Unermüdlich suchen Lemmon und Spacek Gefängnisse, Krankenhäuser, Flüchtlingslager und alle Einrichtungen, in denen sich Shea befinden könnte, ab. Dabei bekommen sie tiefe Einblicke in die schlimmen Zustände, die im Land herrschen (wobei unterstellt wird, daß das Leben in Chile unter dem linken Präsidenten Allende wunderbar war). Ein Freund, der angeblich das Land verlassen hatte, taucht als Leiche auf. Eine US-Journalistin bringt Lemmon und Spacek schließlich mit einem Gewährsmann zusammen, der miterlebt hat, daß Shea wegen seiner Aufzeichnungen, die die USA als Pinochet-Helfer enttarnten, hingerichtet worden ist. Er fügt hinzu, die Chilenen hätten das nicht gewagt, wenn nicht die USA ihr Okay dazu gegeben hätten. Wir sehen, wie sich Lemmon im Verlauf der Suche verändert. Insbesondere verbessert sich sein Verhältnis zu seiner Schwiegertochter deutlich.
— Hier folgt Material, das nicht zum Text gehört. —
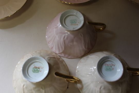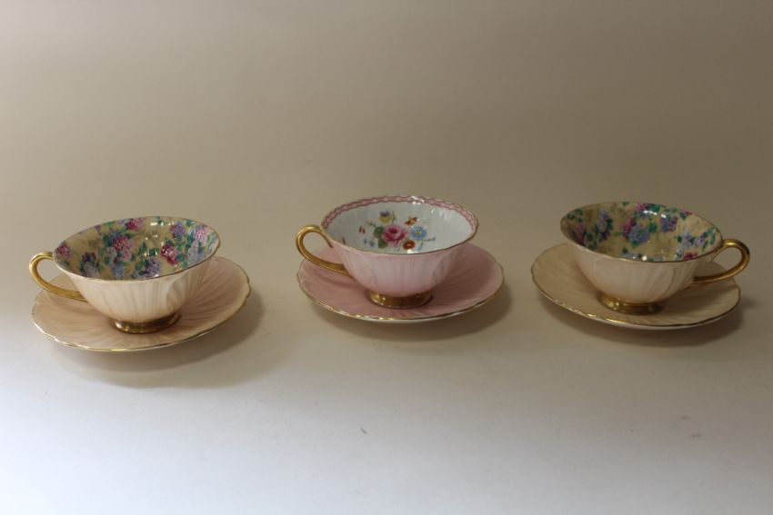 THREE VINTAGE SHELLEY CUPS AND SAUCERS WITH FLORAL INTERIORS, PINK EXAMPLE WITH DAMAGE TO BASE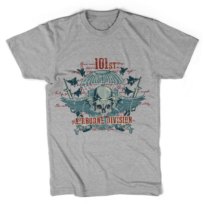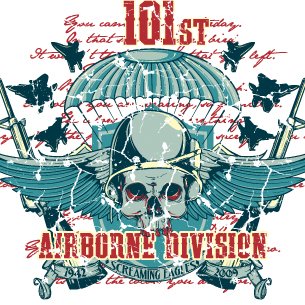 Airbone division graphic design template in vector format, featuring detailed skull pilot parachuting now available for Adobe Illustrator, Adobe Photoshop and Corel Draw and can be used for digital printing and screenprinting .

Der Botschafter bittet Lemmon und Spacek noch einmal zu sich, um ihnen eine gute Nachricht zu verkünden: Er habe nun erfahren, daß Shea in die USA zurückgekehrt sei und bald mit seiner Frau und seinem Vater Kontakt aufnehmen werde. Lemmon bedeutet ihm, er wisse inzwischen, was aus seinem Sohn geworden ist, worauf der Botschafter plötzlich umschwenkt und sagt, es gehe um amerikanische Interessen, um den american way of life; deshalb seien die USA in Chile engagiert. „Wenn es sich nicht zufällig um Ihren Sohn handeln würde, würden Sie doch satt und selbstzufrieden in Ihrem Sessel sitzen“, fügt er hinzu. Dem Film liegt ein realer Fall zugrunde, und am Ende wird noch mitgeteilt, die Leiche des Sohnes sei erst Monate später in die USA überführt worden, so daß eine genaue Autopsie und die Rekonstruktion, wie er umgekommen ist, nicht mehr möglich war. Der Vater habe die US-Regierung und speziell Außenminister Henry Kissinger verklagt, weil sie die Ermordnung eines amerikanischen Staatsbürgers zugelassen hätten – erfolglos.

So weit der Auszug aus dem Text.